As a German automotive company has increasingly embraced software-driven practices, more of its employees have necessarily become software engineers. This change, coupled with the complex tasks involved in building modern vehicles, has made enhancing the developer experience essential. Understanding this, the brand determined that it needed to reduce the cognitive load of developers and improve the speed at which they received feedback in order to facilitate deep concentration, heightened focus, and optimal performance when coding, otherwise known as a flow state.

Taking all of this into consideration, the organization decided to use Gen AI to transform its software engineering capabilities. However, doing so effectively required a comprehensive understanding of the impact as well as a tool that could properly measure the benefits of innovative automation. Implementing such a tool required extensive knowledge of the Microsoft GitHub Copilot solution, the automotive industry, and the coding process.

For this specific kind of support, the automotive company engaged Capgemini and launched a collaborative effort to provide key business leaders with a tool to track coding metrics.

A collaborative push to improve coding

By June 2023, GitHub Copilot was made available for internal use by all software engineers after successfully navigating the pilot phase. Capgemini matched this rollout across all projects, ensuring that the same benefits were experienced by all software engineers across every collaborative engagement between the organizations. Throughout this rollout, hands-on training sessions, equipped developers with the skills needed to fully utilize Copilot’s capabilities. Continuous feedback loops were established to refine the implementation based on real-world use cases, further enhancing the effectiveness of the new system.

Once the partners had aligned their coding processes, Capgemini then introduced its software engineering (SWE) measurement protocol, which used Azure/Jira and SonarQube to track the impact of Gen AI on overall developer performance and code quality. This provided a robust framework for the continuous quantitative and qualitative evaluation of the impact Copilot made for Capgemini coders. Drawing upon this information, the automotive company better understood how the new system benefited software engineers, enabling more effective data-driven decision-making thanks to comprehensive evaluation based on context-specific metrics.

This approach tracked code quality metrics, such as coding velocity, and tracked how well the developers maintained a high level of quality for existing assets. Doing so ensured that the results of the project were transparent and could be continuously monitored.

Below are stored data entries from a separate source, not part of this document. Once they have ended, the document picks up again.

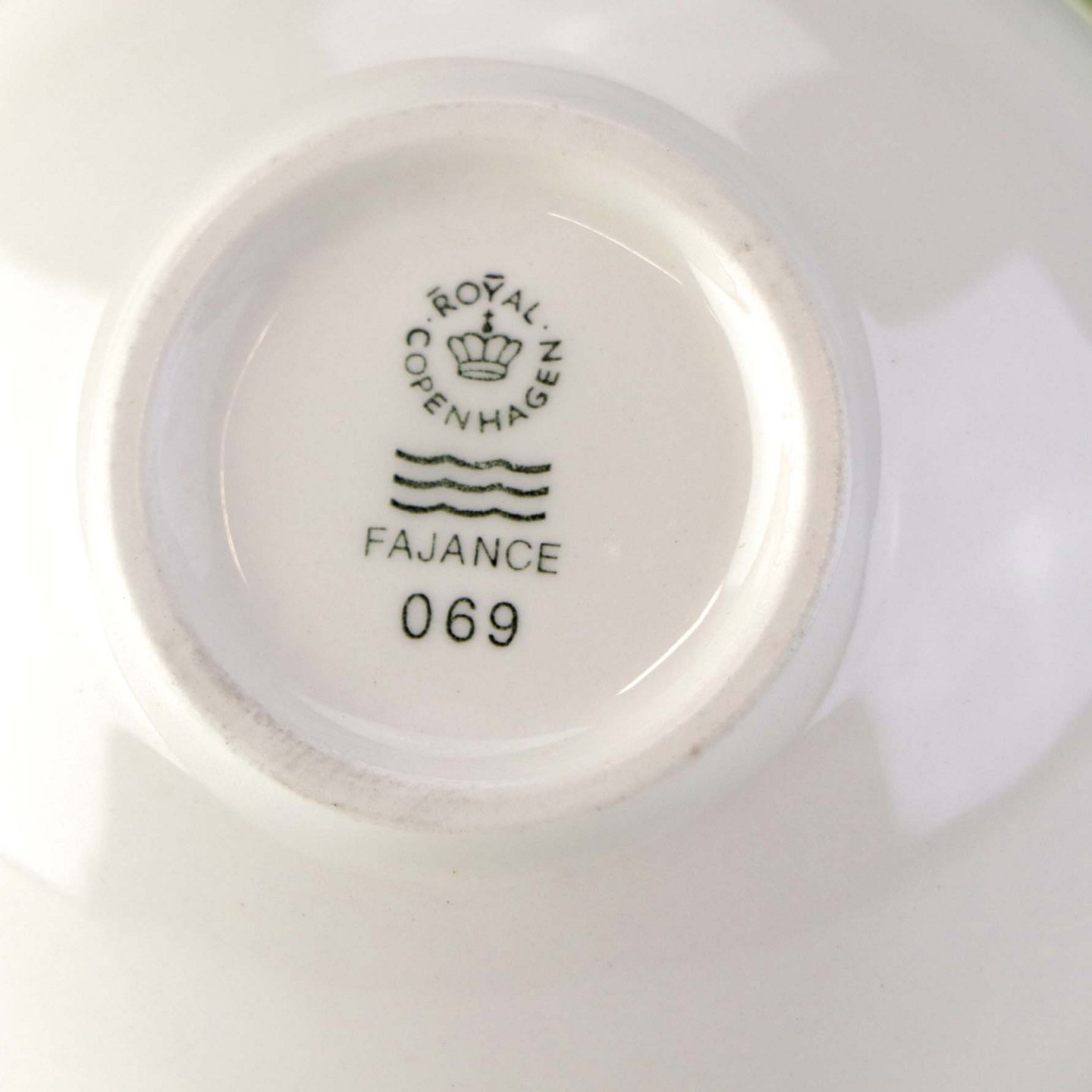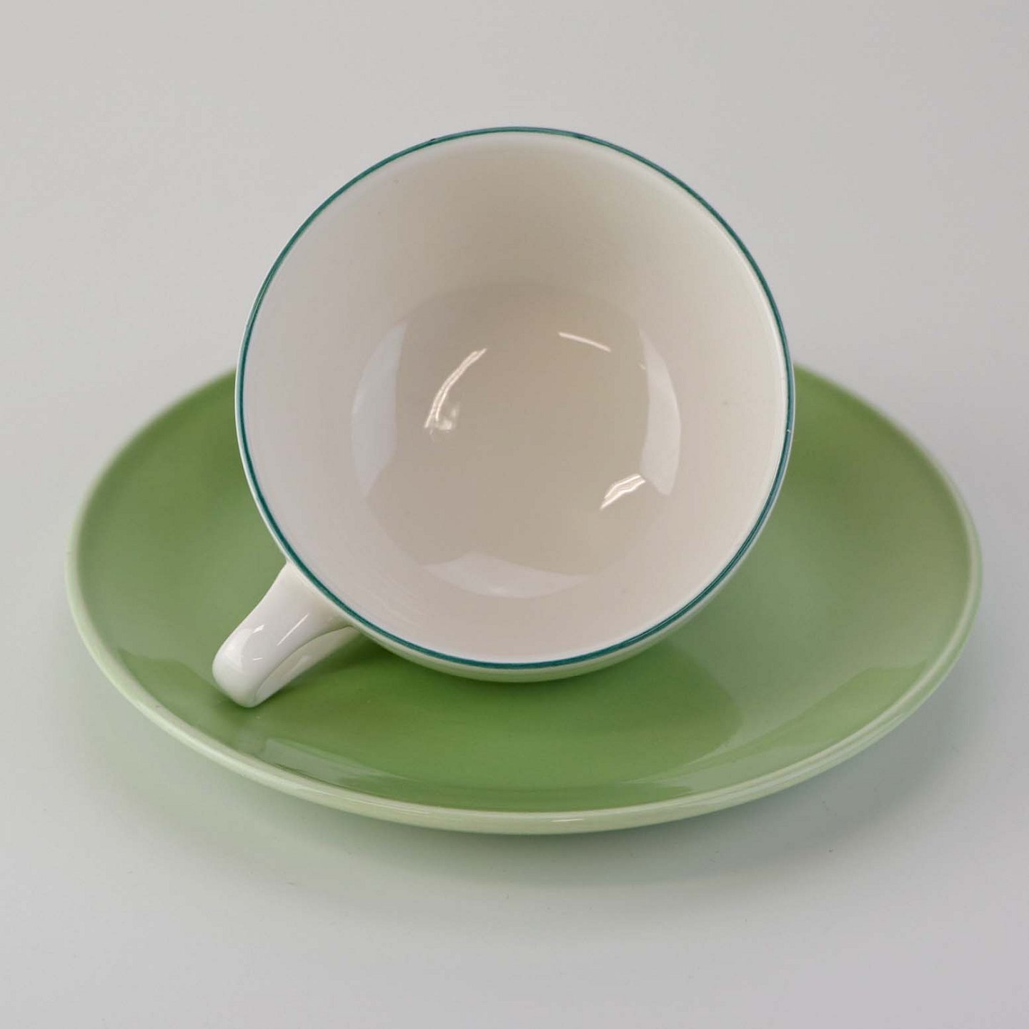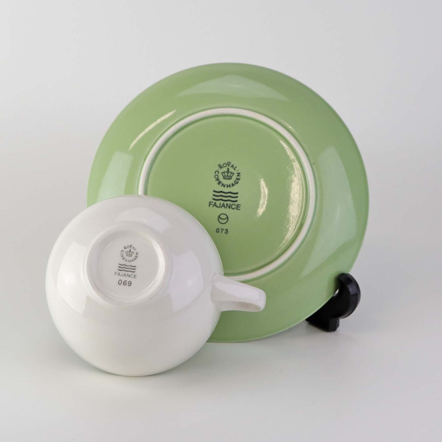 Lille morgenkop i fajance med grøn underkop fra stellet 4 All seasons nr. 069 og 073Produceret af Royal Copenhagen fajance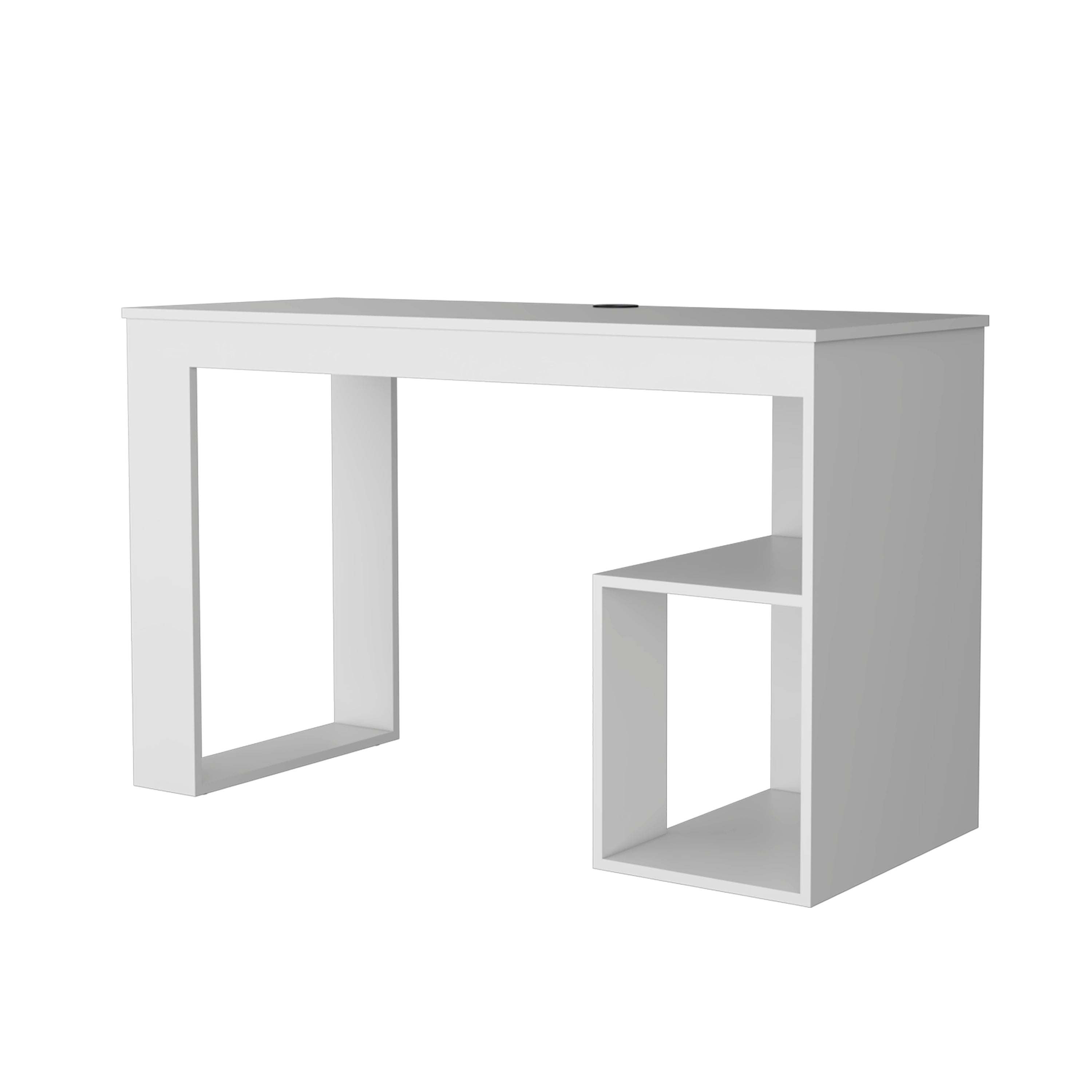 Romance CopyDiscover the desk, boasting ample space and an open layout with multiple shelves for quick storage or decor, providing a contemporary and modern design for a clean working space suitable for laptops or desktop computers, ensuring a comfortable working area. Its unique design adds a touch of originality while being simple, easy to accommodate, practical, and lightweight, making it an excellent choice for small spaces in need of a beautiful and functional desk.Product DetailsSet includesOne (1) writing deskDimensions29 inches high x 47.24 inches wide x 19.69 inches deepFinish colorWhiteNumber of shelves2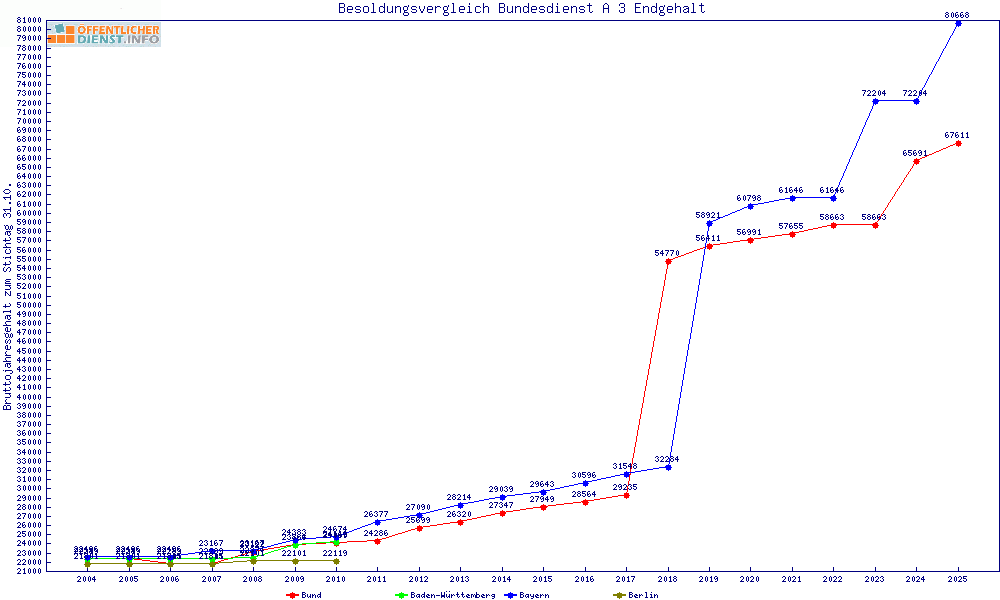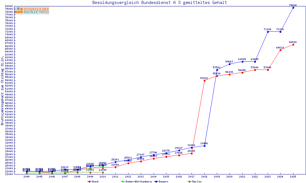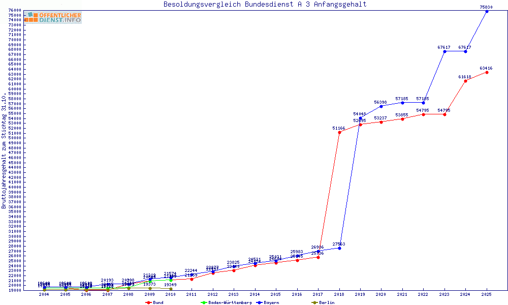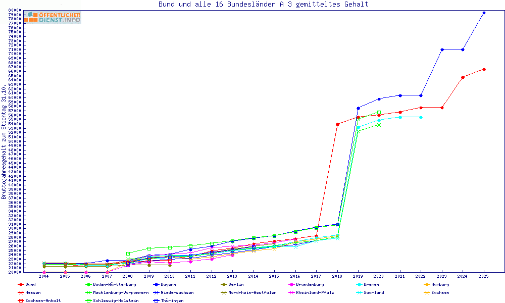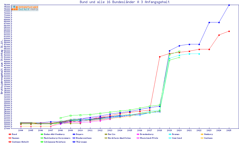 | Besoldungsvergleich A 3 im Jahr 2025 | gemitteltes Gehalt | ||||||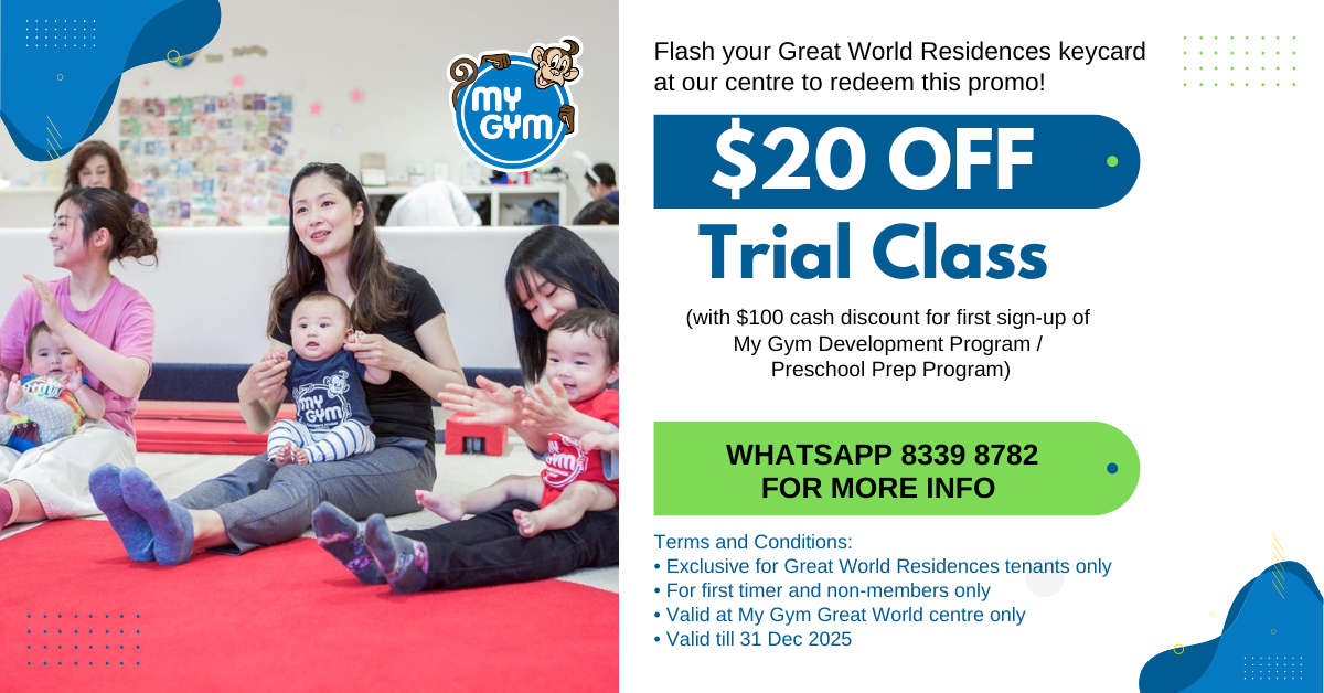 Enjoy a $20 off trial class + $100* cash discount for first sign-up of Gym Development Program / Preschool Prep Program at My Gym Great World.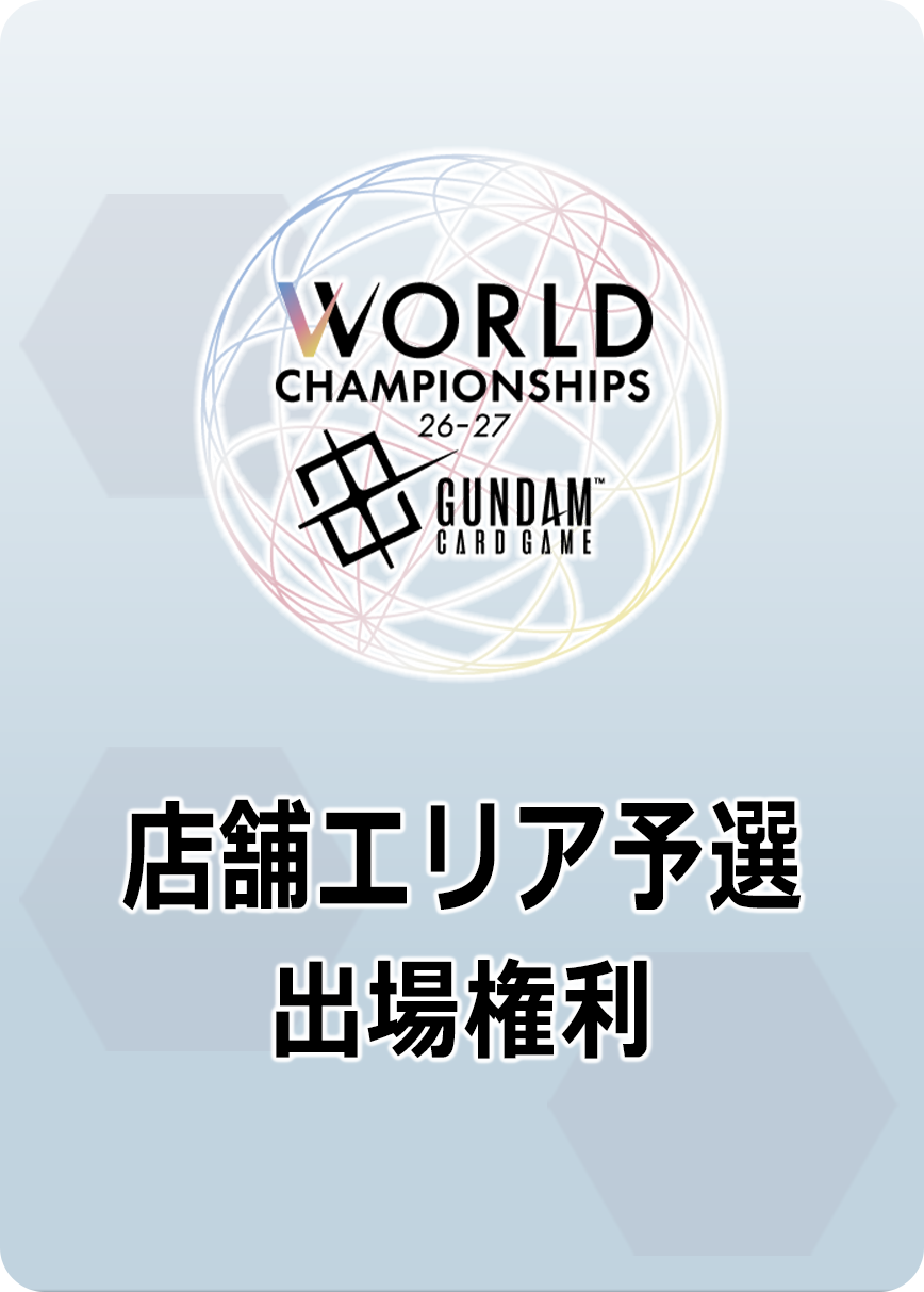 全国の「ガンダムカードゲームエキスパートショップ」にて開催する、「店舗エリア予選」の出場権利を獲得できる大会です。

Boosting productivity and code quality with Gen AI

With coding teams using a standardized system across both organizations and a new SWE measurement protocol, the automotive giant could more effectively communicate how the Gen AI solution led to productivity gains. In this way, Capgemini demonstrated how implementing GitHub Copilot led to improvements in code analysis, formatting, and optimization at the automotive brand and Capgemini. In addition, the SWE measurement protocol also indicated that the Gen AI platform enhanced code quality and consistency, which benefited coding activity and helped employees spend more time on creative and complex tasks.

The success of this initiative underscores the potential for future collaborations and advancements. The company and Capgemini now plan to continue jointly exploring innovative uses of Gen AI in software engineering.

By effectively demonstrating the way that Gen AI has benefited its coding activity, the automotive brand reached new heights for efficiency and innovation. The partnership with Capgemini and Microsoft is transforming software engineering processes and paving the way for future technological advancements and competitive advantages.